Furthermore, groceries have become cheaper in relative terms; which means we’re more willing to throw away what’s in the fridge in favour of a takeaway if we’re feeling spontaneous.
‘Some of the factors that are likely to be contributing to the obesity epidemic include the fact that we live in what is known as a ‘obesogenic’ environment.’ Charlotte tells us.
‘We now live in a world where access and availability of food is huge and changes and advances in food production mean that a lot of the foods we have such liberal access to are often energy dense and nutrient poor.’
‘It’s very easy to eat too much, and from a biological perspective it's also desirable to over consume rather than under consume too. Societal pressures and cultural norms also often lead us towards energy imbalance.’
‘For example, adverts on the television, promotions in supermarkets on high fat, high sugar foods and the typical foods we may feed young children may all influence our preferences, choices and ultimately eating behaviours throughout our lives.’
One of the upshots of this then, is education. We’ve learned so much about food and diet in the last 40 years, but are we putting it to use?

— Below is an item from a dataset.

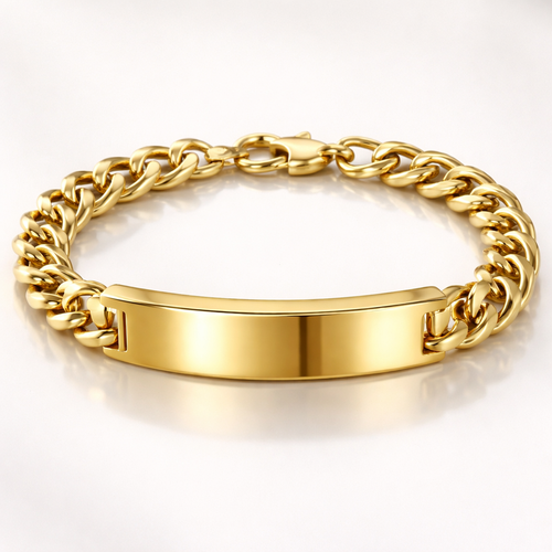 pulsera de oro amarillo con placa gruesa

Many say that as a nation we need to be doing more to develop people’s dietary and nutritional knowledge, but also awareness of the nature of obesity and the risks associated with it. A better, wider understanding of it may not bring about a decisive, immediate end to the problem; but combining this with the other measures discussed will at least be a start.
‘The truth is, obesity isn’t caused by one single food, nutrient, gene or behaviour.’ Charlotte concludes. ‘Obesity is the result of a combination of biological, societal, environmental and behavioural mechanisms and there is no one solution to fix it. Multiple solutions however, together, over time can and will help to reduce the escalating rate of obesity.’